その一方で罪宝ストーリーテーマ第一弾の【スネークアイ】だが、この段階では「カード消費が多く制圧力に乏しい」という今一つな評価となっていた。
このテーマの本領発揮は、次パック以降の強化までお預けとなる。

「ホルス」テーマは、従来の「ホルスの黒炎竜」群とは異なり、《王の棺》とそこから出現するレベル8のカード群として登場。
召喚権を必要としない展開効果から出張採用も目立ち、一定の存在感を放つようになる。

そしてパッケージを飾る通り、【覇王】関係のカードにも大幅な強化がなされている。
《覇王門の魔術師》などの新規カードにより、P召喚テーマでありながら初動手札の枚数と事故率の削減に成功。
さらに《ヘビーメタルフォーゼ・エレクトラム》《軌跡の魔術師》に次いで、P召喚を補助する《奇跡の魔導剣士》の登場で、新マスタールール以降の弱体化を補う手立ても万全。
これにより【覇王魔術師】、また後に【幻奏】が強化された際には【覇王幻奏】というアニメ本編を踏まえれば非常にエモいデッキが成立している。
名題役者の《覇王天龍オッドアイズ・アークレイ・ドラゴン》も、ズァークが闇から解放され観客を楽しませる「エンタメデュエリスト」に生まれ変わったことを思わせる性能になっている。

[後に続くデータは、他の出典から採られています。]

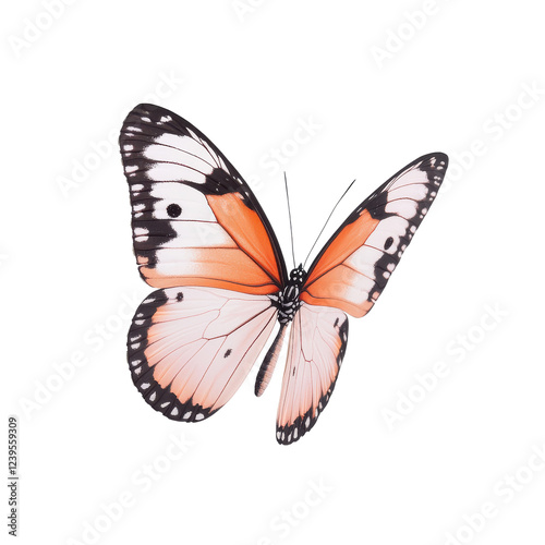 © Natnicha, Fototapeta premium A vibrant butterfly with orange and black wings, isolated on a white background.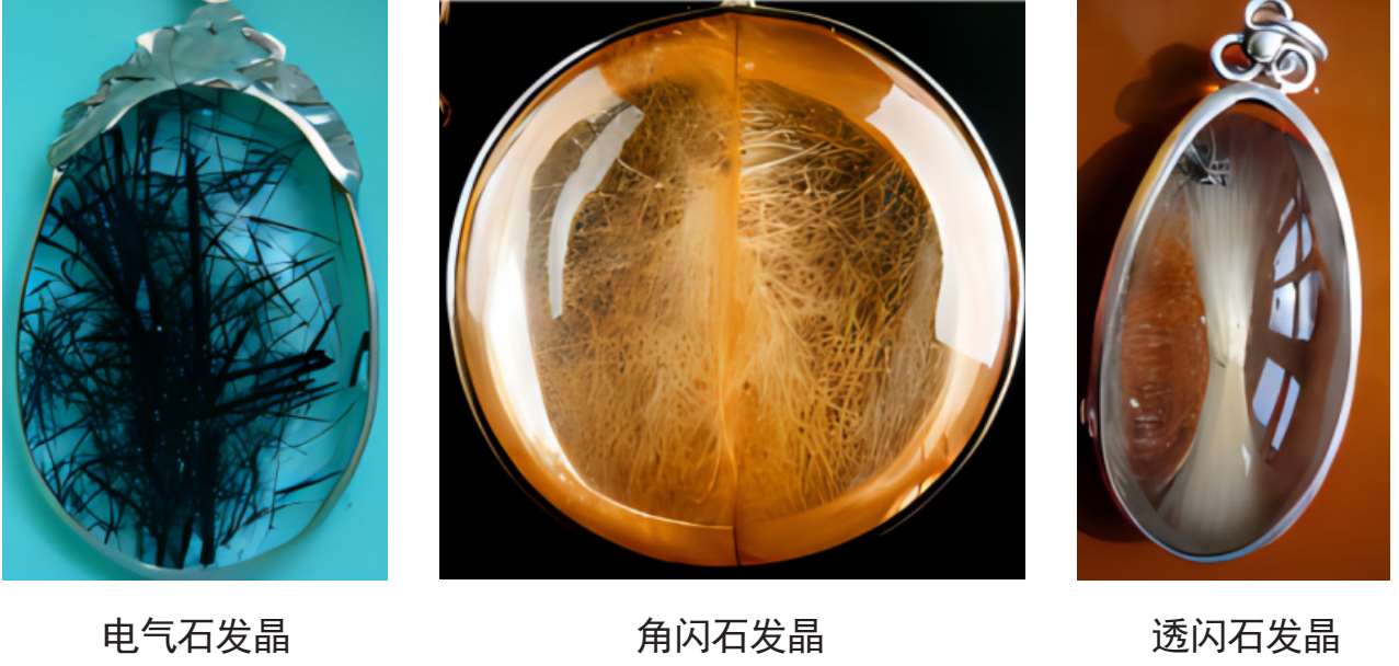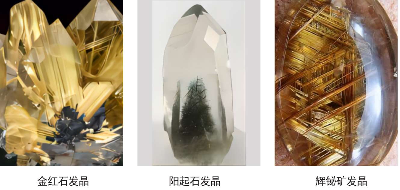 晶体内含有针状、纤维状、发丝状等固体形态包裹体水晶定名为发晶。发晶的品种繁多、形态各异、色彩丰富、寓意美好。发晶按其包裹体矿物名称可分为:金红石发晶、阳起石发晶、辉铋矿发晶、电气石发晶、角闪石棉发晶、透闪石发晶等,如图1-2-18;发晶还可以按颜色分为白色、黑色、红色、黄色、绿色、蓝色等发晶。在民间则把毛发状发晶称为“兔毛发晶”“牛毛发晶”等。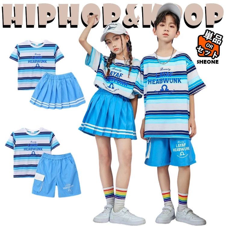 青 ブルー ボーダー 半袖 キッズ ダンス衣装 セットアップ 男の子 女の子 チア チアガールトップス スカート ショートパンツ ダンスウェア ヒップホップ ジャズダンス ポッピング 韓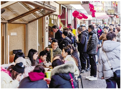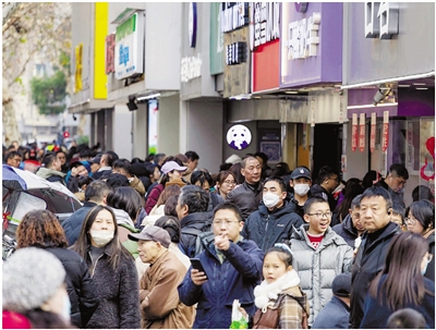 春节假期,杭州各个商业街区、历史文化街区人头攒动。记者 步恩撒 摄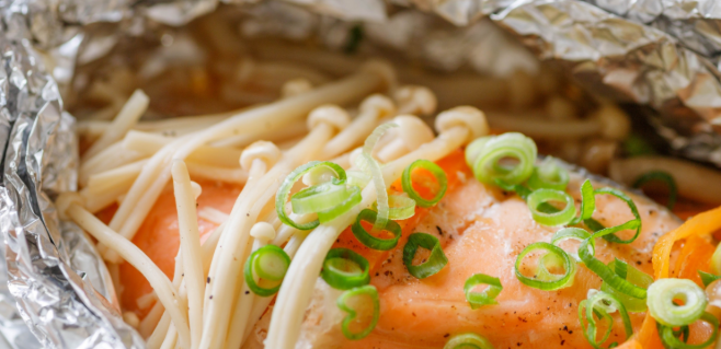 - アルミホイルの縁をしっかり閉じ、中身が出ないように包みます。

【TG】についても、アニメ再現と強化を兼ねた収録が目立つ。
それまでは「展開力はそこそこあるものの、それ以外がパッとしない」評価ではあった。
しかし終着点として定められる《TG グレイヴ・ブラスター》《TG-クローズ》は制圧性能だけでなく、アニメにおける《TG ハルバード・キャノン》を強く意識したものであり、ファンアイテムとしても良質。
制圧面だけでなく《TG オーバー・ドラグナー》《TG-オールクリア》で今まで以上の展開力、《TG ロケット・サラマンダー》という初動札も確保。
なお《TG-オールクリア》の効果は「機械族にする」なので、「機械族としても扱う」原作効果の完全な再現とはならなかった。
それまでは噂レベルの憶測だったが、「複数種族持ちモンスターを出さない」姿勢が浮き彫りになり、謎が一つ増えることとなったのはまた別の話。

汎用カードとして決闘者の度肝を抜かしたのは《S:Pリトルナイト》。
緩い素材縛りに見合わぬ強力な除外効果から数多くのデッキで使用され、使われる側も使う側も驚愕するのであった。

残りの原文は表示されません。